Work item:
Look through the data below and output, unchanged, every line from the one holding "SANUS Elite - Advanced" through the one holding "Background: The small", inclusive. Skip the pictures.

Dataset records:
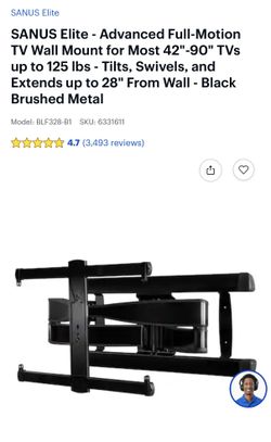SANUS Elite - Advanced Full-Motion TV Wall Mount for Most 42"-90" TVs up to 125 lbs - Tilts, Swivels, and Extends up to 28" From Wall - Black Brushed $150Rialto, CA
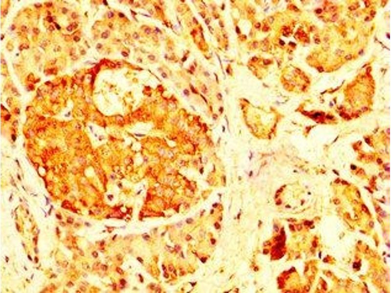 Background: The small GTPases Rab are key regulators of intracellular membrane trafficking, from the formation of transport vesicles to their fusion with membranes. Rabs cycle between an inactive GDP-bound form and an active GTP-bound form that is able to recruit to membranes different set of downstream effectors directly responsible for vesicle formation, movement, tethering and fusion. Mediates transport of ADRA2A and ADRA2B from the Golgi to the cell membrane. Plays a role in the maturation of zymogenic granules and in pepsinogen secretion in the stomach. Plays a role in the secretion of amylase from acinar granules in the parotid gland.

--

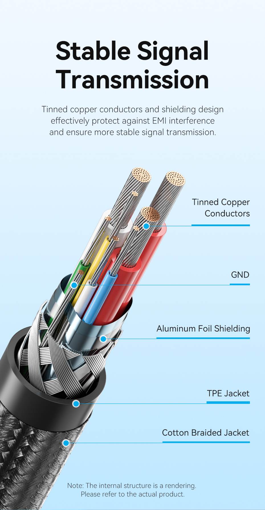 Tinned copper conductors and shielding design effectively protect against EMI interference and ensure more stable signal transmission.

Exercise solution:
SANUS Elite - Advanced Full-Motion TV Wall Mount for Most 42"-90" TVs up to 125 lbs - Tilts, Swivels, and Extends up to 28" From Wall - Black Brushed $150Rialto, CA
 Background: The small GTPases Rab are key regulators of intracellular membrane trafficking, from the formation of transport vesicles to their fusion with membranes. Rabs cycle between an inactive GDP-bound form and an active GTP-bound form that is able to recruit to membranes different set of downstream effectors directly responsible for vesicle formation, movement, tethering and fusion. Mediates transport of ADRA2A and ADRA2B from the Golgi to the cell membrane. Plays a role in the maturation of zymogenic granules and in pepsinogen secretion in the stomach. Plays a role in the secretion of amylase from acinar granules in the parotid gland.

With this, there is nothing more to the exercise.